--- WORKING DATA ---
####################

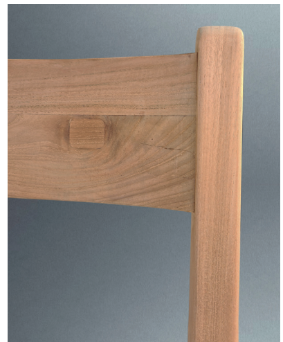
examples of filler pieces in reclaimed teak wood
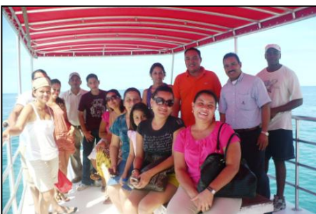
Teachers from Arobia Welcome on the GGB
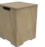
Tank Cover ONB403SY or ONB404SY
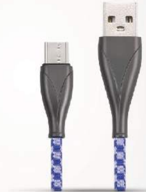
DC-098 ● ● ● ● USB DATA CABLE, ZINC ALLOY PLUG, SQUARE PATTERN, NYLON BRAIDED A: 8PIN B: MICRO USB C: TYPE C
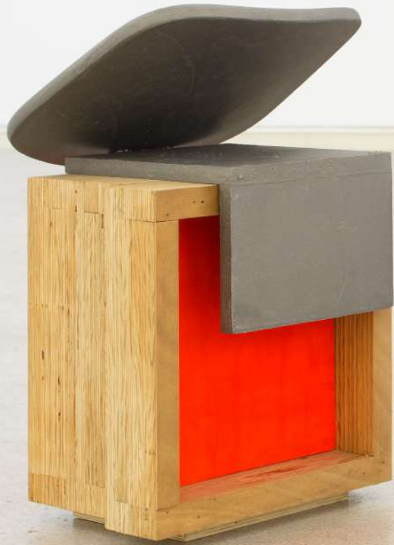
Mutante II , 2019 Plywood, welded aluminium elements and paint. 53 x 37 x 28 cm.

####################

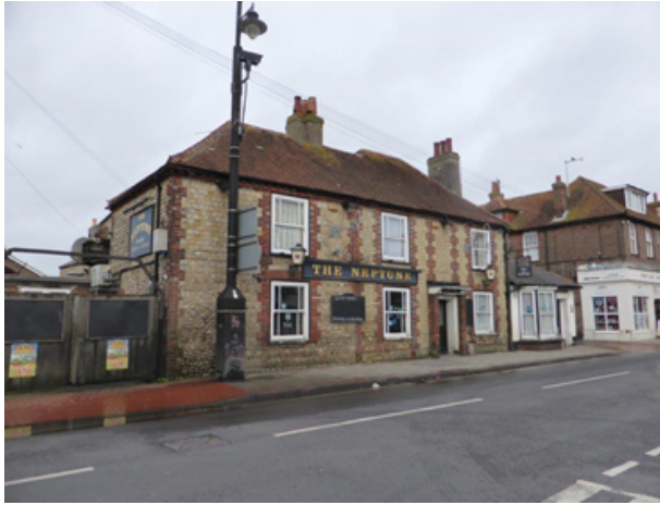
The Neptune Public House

####################

--- PROBLEM ---
Everything above from the line with "Teachers from Arobia Welcome on the GGB" through the line with "Mutante II , 2019" should be retyped exactly, and nothing else; omit pictures.

--- SOLUTION FOR THIS EXERCISE ---
Teachers from Arobia Welcome on the GGB
Tank Cover ONB403SY or ONB404SY
DC-098 ● ● ● ● USB DATA CABLE, ZINC ALLOY PLUG, SQUARE PATTERN, NYLON BRAIDED A: 8PIN B: MICRO USB C: TYPE C
Mutante II , 2019 Plywood, welded aluminium elements and paint. 53 x 37 x 28 cm.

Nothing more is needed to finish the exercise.